# Ayuda con Video Portero y cerradura electromagnética.



## sticku1 (Feb 25, 2014)

Buenas noches, tengo una cerradura electromagnética que es activada por un modulo electrónico el cual tiene un botón pulsador para para abrir la puerta. Necesito conectar los dos cables que salen desde un video portero a las entradas del pulsador en el modulo de la cerradura, el problema es que al pulsar el botón en el video portero, éste envía 10 voltios y en poco tiempo se daña el modulo de la cerradura.

Agradezco su ayuda y pronta respuesta. ...


----------



## solaris8 (Feb 25, 2014)

> el problema es que al pulsar el botón en el video portero, éste envía 10 voltios y en poco tiempo se daña el modulo de la cerradura.

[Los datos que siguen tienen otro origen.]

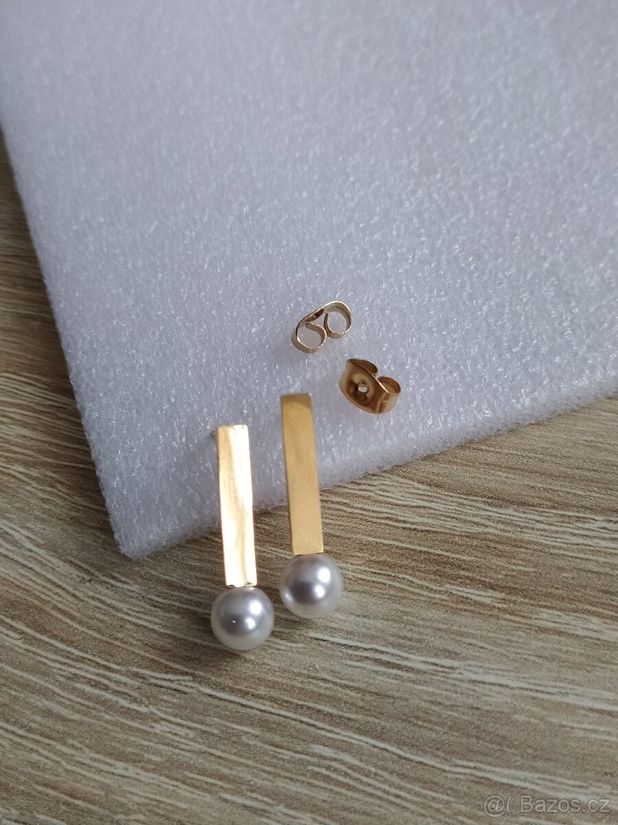 Náušnice s perličkou , ocel pozlacená . Nové . Sleva na sety .

con cuantos voltios trabaja?, no son 10 voltios? de que marca y modelo es el video portero??


----------



## sticku1 (Feb 26, 2014)

El modulo de la cerradura se activa con un botón pulsador mecánico. El vídeo portero es marca DAIKU y lo que hice fue medir el voltaje en los cables que activan la puerta y marca 10V cuando se oprime el botón del vídeo portero.

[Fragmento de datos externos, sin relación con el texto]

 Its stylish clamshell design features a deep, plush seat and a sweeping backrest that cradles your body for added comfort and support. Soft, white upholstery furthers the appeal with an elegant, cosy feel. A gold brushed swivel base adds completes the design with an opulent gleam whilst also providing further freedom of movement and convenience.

Cabe aclarar que el vídeo portero no venia con el modulo de la cerradura electromagnética, fueron comprados por aparte.


----------



## DOSMETROS (Feb 26, 2014)

Hasta dónde yo se, esas cerraduras funcionan con 12 Vac y 17 Vac también , total es un segundo.

Tu miedo es a que se queme la cerradura, o que se queme el portero por excesivo consumo ?


----------



## sticku1 (Feb 26, 2014)

El monitor del vídeo portero se conecta a la cámara exterior, de la camara salen 2 cables que según el manual sirven para abrir la puerta y en efecto así es pero el problema es que la cerradura electromagnética es activada por un modulo electrónico donde se conecta un botón pulsador y a esa misma entrada conecte los cables para abrir q*ue* salen del video portero. El resultado fue que se quemo el pic del modulo electrónico de la cerradura y tuve que reemplazarlo.


----------



## jamesoro (Mar 27, 2014)

pues men yo he puesto varios citofonos para abrir puertas y siempre me llegan es con salida de relee, depronto es que lo tiene no es salida relee sino salida voltaje, si es asi pues coloca un relee en la salida del videoportero y a un contacto abierto del mismo la cerradura


----------



## jmth (Mar 27, 2014)

Le estás metiendo 10 voltios al PIC directamente? Supongo que tendrás que poner una resistencia limitadora.


----------